In Python 2, the bytecode optimization that lets you access variables by index is turned off if your function has exec code in it that may modify locals.

So if your function is:

   def foo(): exec "a=1"; return a

Then running dis.dis on foo to disassemble the bytecode it you will see:

              8 LOAD_NAME                0 (a)

while you normally would see:

              6 LOAD_FAST                0 (a)

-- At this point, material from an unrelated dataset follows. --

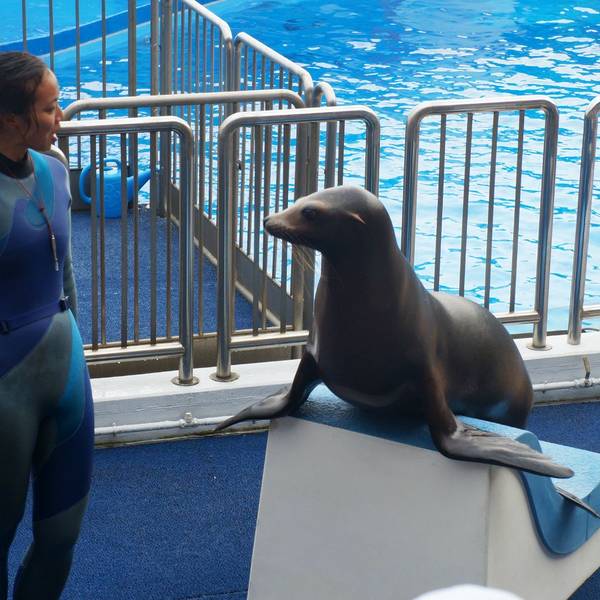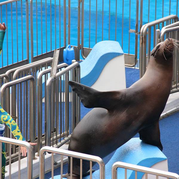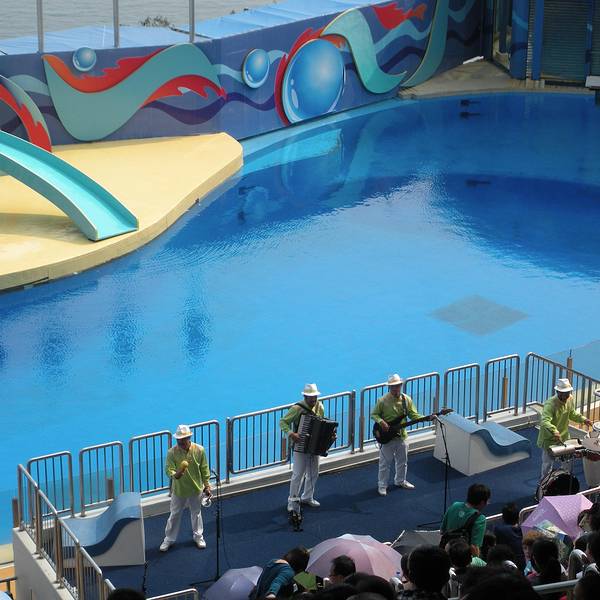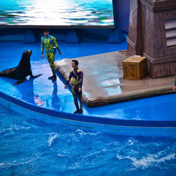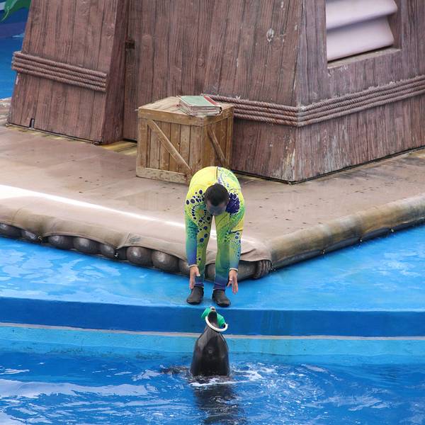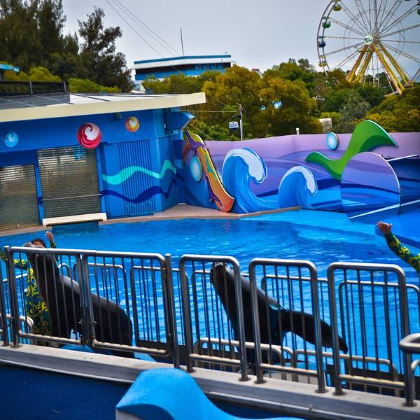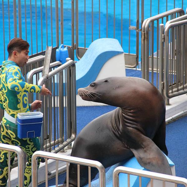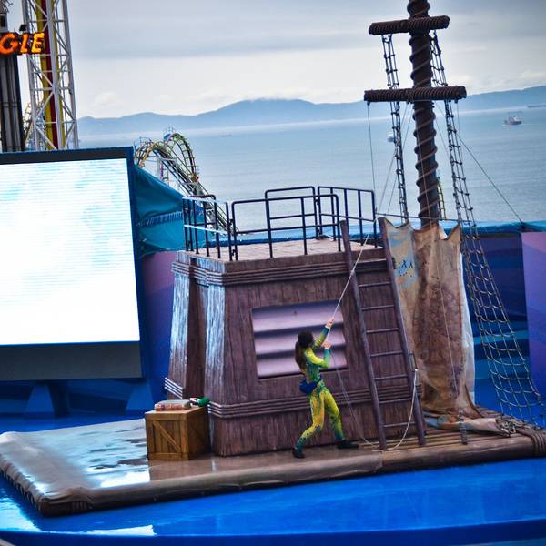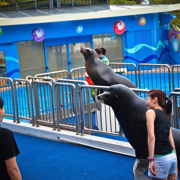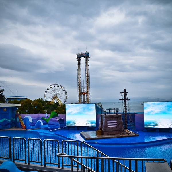 海洋剧场位于山上中央,能容纳4000名观众。剧场中央是一个巨大水池,有加州海狮和瓶鼻海豚进行精彩表演。入园时要看好当天演出时间,然后安排其余设施的时间。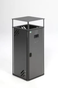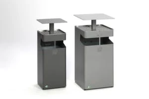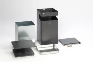 Kombiascher, Höhe x Breite x Tiefe 920 x 450 x 450 mm, Abfallbehälter Inhalt 72 l, Korpus aus Stahl verzinkt mit Pulverbeschichtung in eisenglimmer, Aschereinsatz aus Aluminium, Aschereinsatz herausnehmbar, Innenbehälter herausnehmbar, Behälter mit Bügelgriffen, mit Schutzdach, verschließbar mit Doppelbartschloss.

You can't use the exec in locals thing in Python 3 at all I believe.

[speedster217]

I just tested it in Python3:

    def foo():
        exec("a=1")
        return a

    print(foo())

Fails with a NameError:

    Traceback (most recent call last):
      File "test.py", line 5, in <module>
        print(foo())
      File "test.py", line 3, in foo
        return a
    NameError: name 'a' is not defined

[joncatanio]

I get the same error with your example, but this works fine (Python 3.6.4):

    exec("a = 1")
    print(a)

This will print "1".

[yorwba]

That is because the exec runs in the global scope. When Python sees a variable that is not assigned to in the local scope, it is assumed to be a global variable, so when exec creates a new local variable, the load still fails because it looks into the globals dictionary.

But you can do this:

  def foo():
    exec("a = 1")
    return locals()['a']

[joncatanio]

Ahh, I see, this makes more sense. Thanks for the clarification!